Marketing to the Rescue

June finished unexpectedly strong. Last week was actually my second-best of this year. We’re still not talking high finance here, but hey: it’s good news for a change. Fact is, thanks to some other unusual circumstances, June’s ever-so-slightly in the black, and I am still running a wee bit ahead of LY in YTD sales. My sales uptick coincided with eBay pulling its pay-per-click ads from Google. This week’s sales, OTOH, were typically poor (as expected; this is a very slow time of year).

My “rescue products” haven’t kicked in yet. The lighted caps are extremely popular with everyone who sees them in person.

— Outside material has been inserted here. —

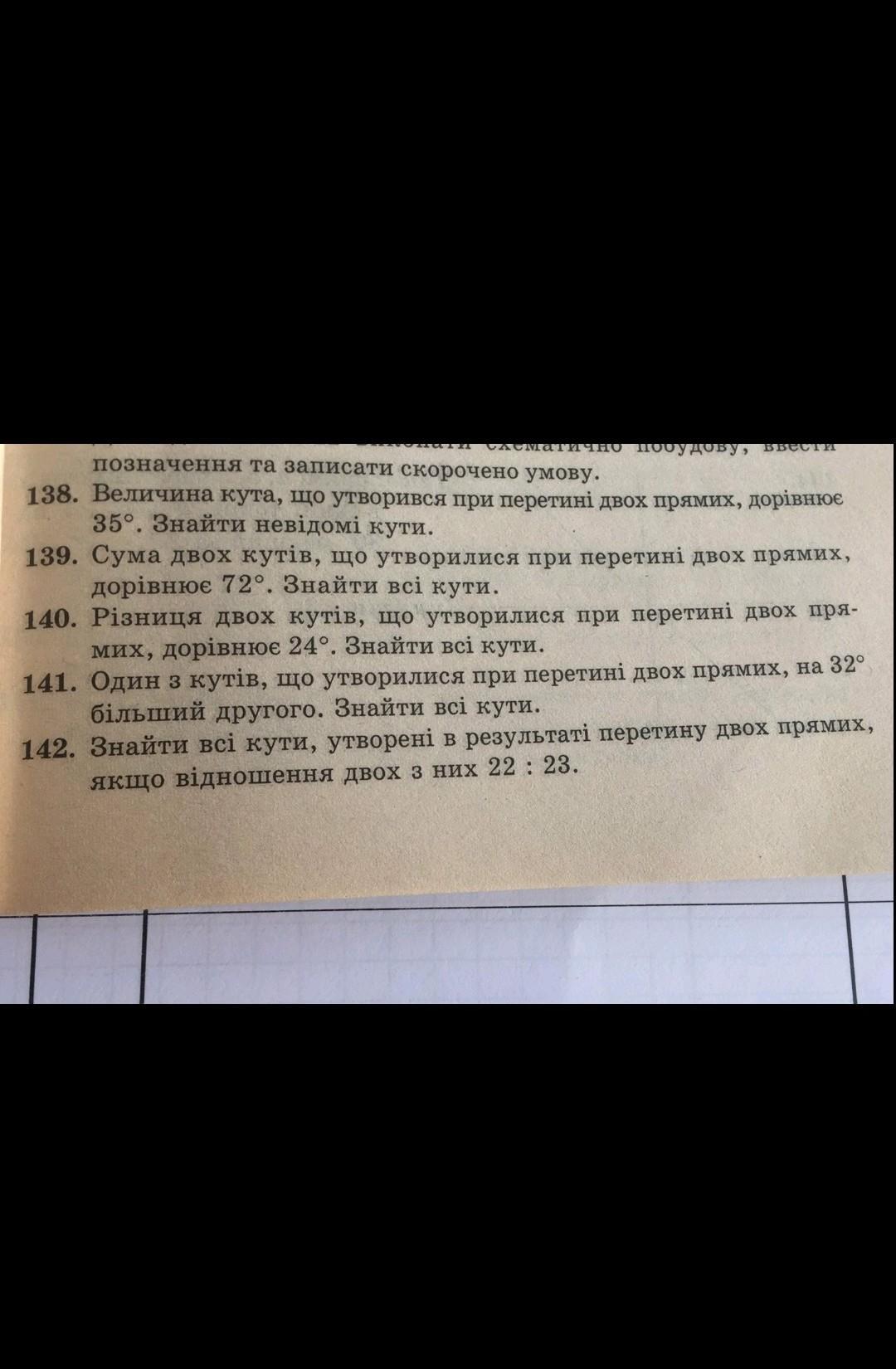 139)Так як при перетині двох прямих, кути вертикальні і суміжні , то один кут дорівнює 72° : 2 = 36° ,а другий кут 180° - 36° = 144 °
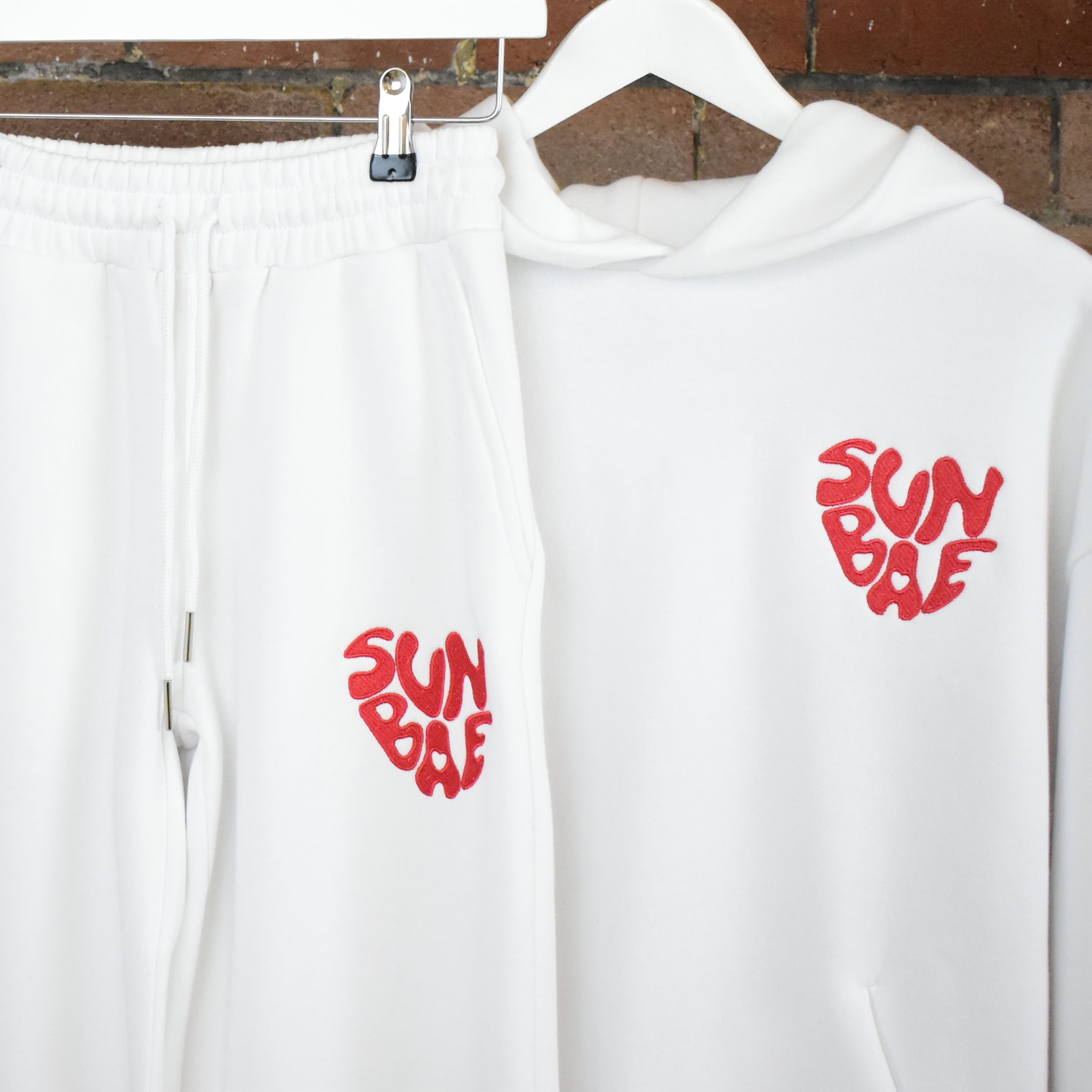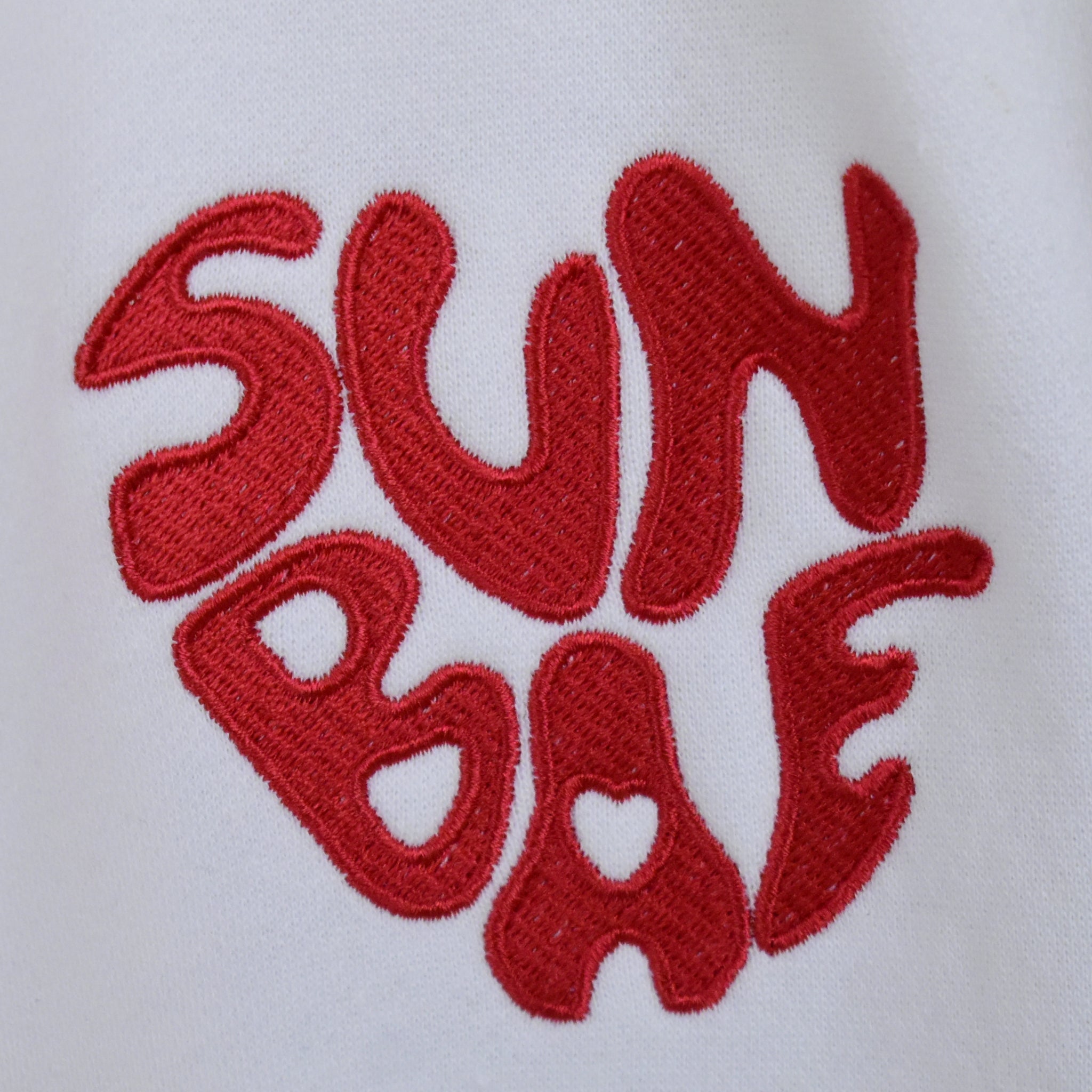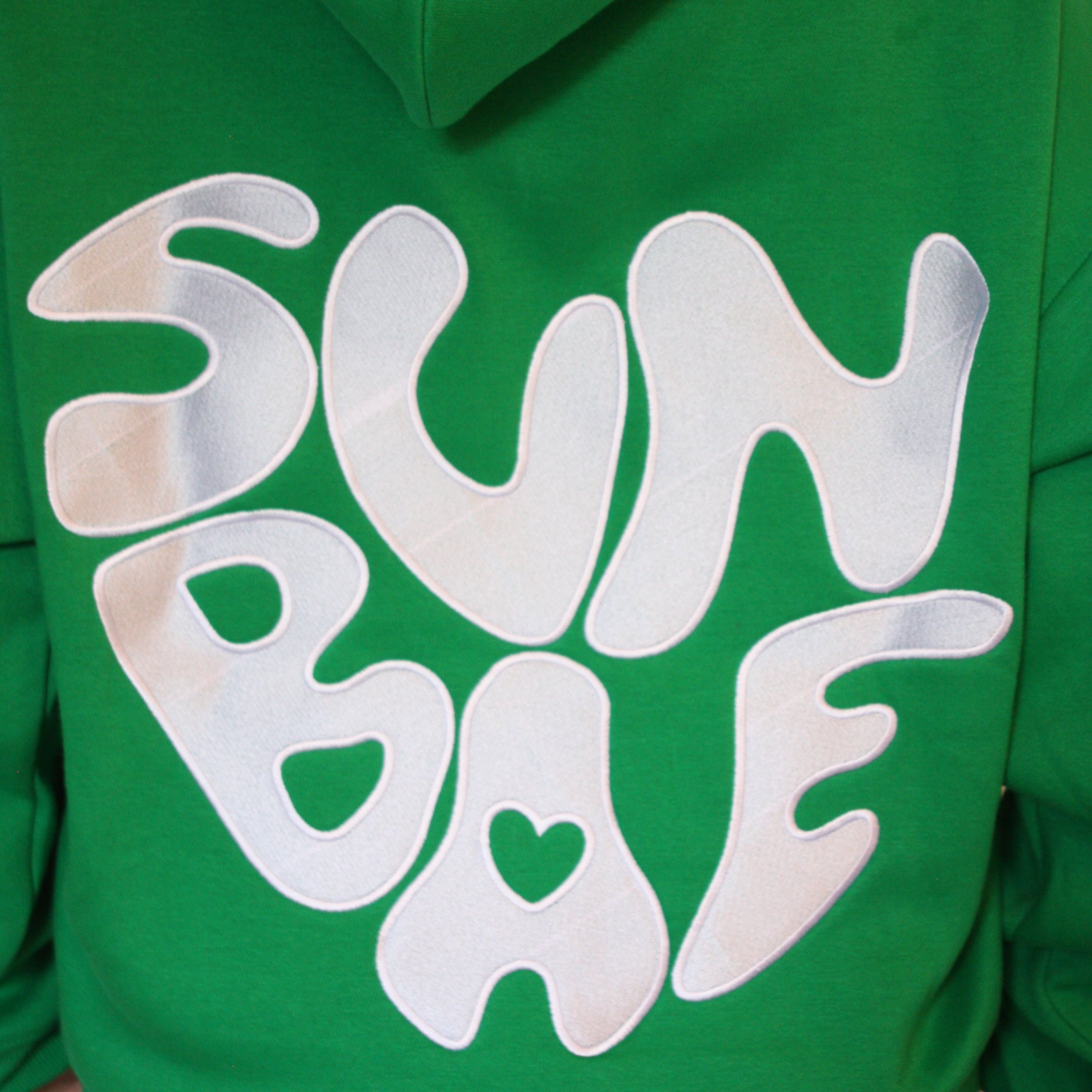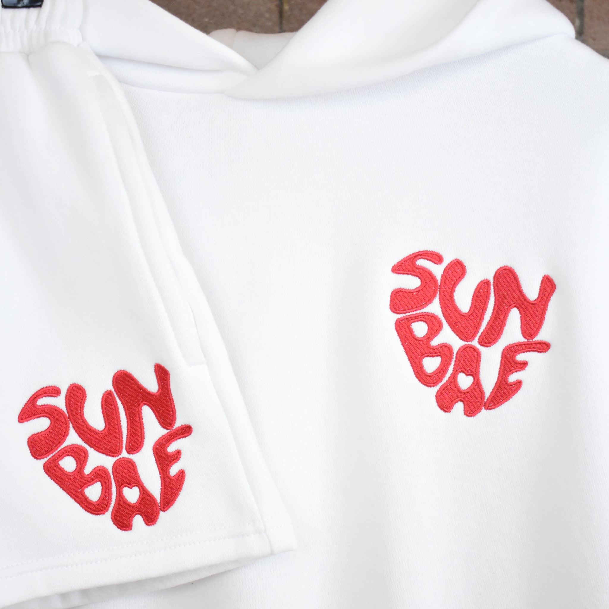 We started by building out the vibe, looking at garment shapes, colour mood boards, and vintage inspo from old-school teen brands like Ton Sur Ton and Naff Naff. We were all about those bold, playful colours with contrast embroidery, keeping it fresh but still comfy. The whole collection is built on SUNBAE’s signature oversized OFFLINE Hoodie & Shorts, which I’m obsessed with.

I’ve already sold three to friends, had expressions of interest for a few more, and might sell a few at our Fourth of July barbecue tomorrow. As I said once before, if I had a physical store I know that these things would be blowing out. But I need online success.

Which brings us back to marketing again…the topic that will not die.

First, I’m trying to spend money more efficiently. PPC advertising keeps getting more and more expensive as the deep-pocket people like eBay and Amazon spend millions of dollars to own the top position for every keyword they can think of. I don’t have millions. I have hundreds, and precious few of those. So I’m pruning the least cost-effective keywords. I used to think that any traffic is better than no traffic, but that isn’t true when you’re paying for it. Every keyword that’s cost me over $15 per sale is gone.

Example: I’ve been bidding an average of 13 cents per click on the words “cool gifts”. 824 clicks have cost me $109.77 over the years. Only two of those 824 visitors (0.2%) bought anything, meaning that I paid over $50 for each sale. Buh-bye, “cool gifts”. Compare that to “unusual gifts:” Also averaging 13 cents/click, 801 visitors have cost me $107.16…but 0.95% of them bought something, so those words cost me $13.66 per conversion. It’s just barely under my threshold, so it stays for now.

At the same time, I’m raising my bids on my more successful keywords. My overall spend probably won’t go down, but my conversion rate should go up. I currently convert a little over 1% of my clicks. I would be thrilled to get that up to 2%.

Here are some fun statistics (Dec. 11 2005June 19 2007): I’ve spent $3,018.77 to buy 23,126 clicks, or 12 cents per click. I achieved a conversion rate of 1.18% (225 sales), slightly above my target. My cost per conversion was $10.06. My worst campaign was “Holiday & Seasonal”. I have torpedoed this campaign entirely. “Product Categories” is the next worst; I’m pruning it almost to the point of elimination. “General Keywords” is also pretty bad, but salvageable. My most successful area is “Product Specific” keywords, where 187 sales cost “only” $6.44 each. By the time I finish pruning, this will be the only campaign with any meat left in it.

I focus on PPC advertising because it’s the only thing I know how to do. But it’s not working that well. My few print ad experiments have all failed, and I think I now know why: I keep trying to promote my store generically. “Come and shop here” just doesn’t work. I have to get specific.

Here’s one approach: Choose one product (cap lights). Define a likely group of customers (fishermen? campers? computer geeks?). Find a print publication that they read. Then design an ad specifically for them, and run it in that publication. The problem with this approach: My specific product page URLs are way too long and convoluted to place in an ad, so I can’t bring customers directly to the product page as a PPC ad does. If I am going to bring people to my home page, I have to make sure that the caps are prominent there. That’s very difficult with my design.

Here’s another approach: Mark maybe 12 caps down to zero and mail them to media contacts in the hope of getting a product review or promo. It’s cheaper than producing and placing an advertisement (about $150, versus probably >$1,000). The problem with this approach: There’s no guarantee that any of those 12 caps will bring results. And even if they do, there’s no guarantee that the publication will inform me before the review runs.

Theoretically, I suppose, I could do both. Maybe buying ads at the same publications that get a free review copy would improve my rate of success with reviewers. That would be expensive and risky. I’d have to sell about $10,000 worth of caps (500 of them) to justify the cost of a $1,000 promotion. It isn’t out of the question, but it’s pretty damned ambitious. Curio City has only had a bit over 1,000 transactions in its history to date.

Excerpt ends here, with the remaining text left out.